We train a model to predict attributes such as car type, brand, number of doors, and number of seats. The model can also predict the orientation of the front of the car with respect to the camera.

Data attributes

The attributes have the following values:

Type: 12 types, e.g., Sedan, Hatchback, Estate.
Brand: 161 brands.
Number of doors: from 2 to 5.
Number of seats: 2,4,5, or more than 5.
Orientation: a continuous value from 0 and 360.

Dataset

We use two datasets: PASCAL3D+[3] and CompCars[4]. The former is used to train a predictor for the car’s orientation. The latter is used for training the rest of the predictors.

Model

We use a probabilistic classifier with multiple predictions, one per attribute, on top of a feature extractor. In particular, we use InceptionResnetV5 [1] pre-trained on ImageNet [2] as feature extractor for our model. The probabilistic nature of our classifier allows us to obtain a certainty measure for each attribute's predictions. This means that the model can be fed with images of cars and produce a prediction for the corresponding attributes and measure the certainty of that prediction.

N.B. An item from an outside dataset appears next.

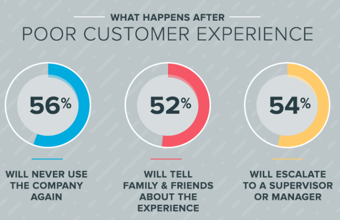 • El 58% de las personas dicen que nunca volverán a usar la compañía después de una experiencia de servicio al cliente negativa. (NewVoice)

Input Image is passed through a neural network backbone for feature extraction. The features are passed to create multiple predictions that estimate the car's attributes in the image with a certain certainty per attribute.

Predicting certainty

As we have mentioned, we assume that the certainty of a model’s prediction serves as a measure of an image’s quality in depicting the corresponding attribute. Higher certainty in a prediction means higher quality. Probabilistic classifiers provide natural ways of representing the certainty¹ of a prediction with respect to a probability distribution over a neural network's possible predictions. In the case of the car's attributes, we have two possible types of distributions: discrete and continuous.

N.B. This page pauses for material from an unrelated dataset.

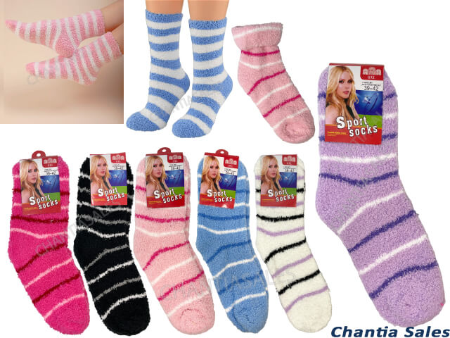 WINTER FLUFFY SOCKS - STRIPES ASST'D COLOUR #17245

Attributes such as type, brand, number of doors, and number of seats are discrete. This means that each of the attribute predictions that we produce for an image should show a probability distribution over all possible interest classes. This distribution can be achieved by using a softmax activation function in the last layer of each of the corresponding predictions. The entropy of the probability distribution determined by the softmax can be considered a measure of the prediction's uncertainty, where higher entropy means less certainty.

Examples of low certainty and high certainty predictions in the car type classification

Predictions for the car's orientation are a continuous probability density over the possible angles of the relative orientation a car can have with respect to the camera that took the picture. We use the approach presented in [5] to build the orientation model. The output of the prediction is two-fold: a location parameter that determines the most likely angle that an image is predicted into and a scale parameter that represents the certainty of the prediction. The output of the orientation tells us the predicted angle for an image and a measure of the certainty of that prediction.

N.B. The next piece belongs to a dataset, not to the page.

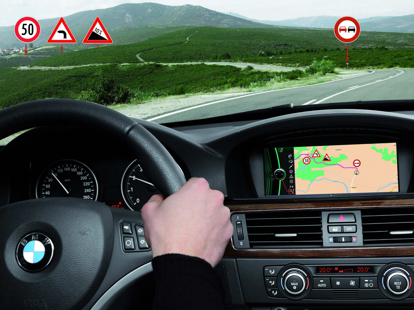 Por último queda la parte de mostrar al conductor dicha información. Tanto en el caso de BMW como en el de Opel, el límite de velocidad vigente en cada momento se muestra en la instrumentación o proyectada sobre el parabrisas (Head-Up display), como en los aviones de caza o en el nuevo Saab 9-5 que probamos. La indicación se actualiza automáticamente en el momento exacto en que el coche rebasa la señal de la nueva limitación.

Examples of low certainty and high certainty predictions for the relative orientation of the car

Together the predictions obtained from a single image provide a way to select the appropriate images that best represent the attributes of the car.

Training

We train each attribute predictor separately via transfer learning by freezing the feature extractor and the layers corresponding to the other attributes' predictions. We select the appropriate dataset during training and update the network parameters to predict the correct attribute with respect to the available labels. Given an input image, the trained model can produce a prediction and certainty level for each attribute.

Frame selection from video

We select one frame from a video that yields prediction with the highest certainty by the corresponding model for each discrete attribute of the car.

In the examples below, the video frames are processed one by one, and the image with the highest certainty at the moment is shown on the right.

Graphs in the middle of each example show the prediction certainty for each attribute's value averaged across the predictions made to the given point in the video.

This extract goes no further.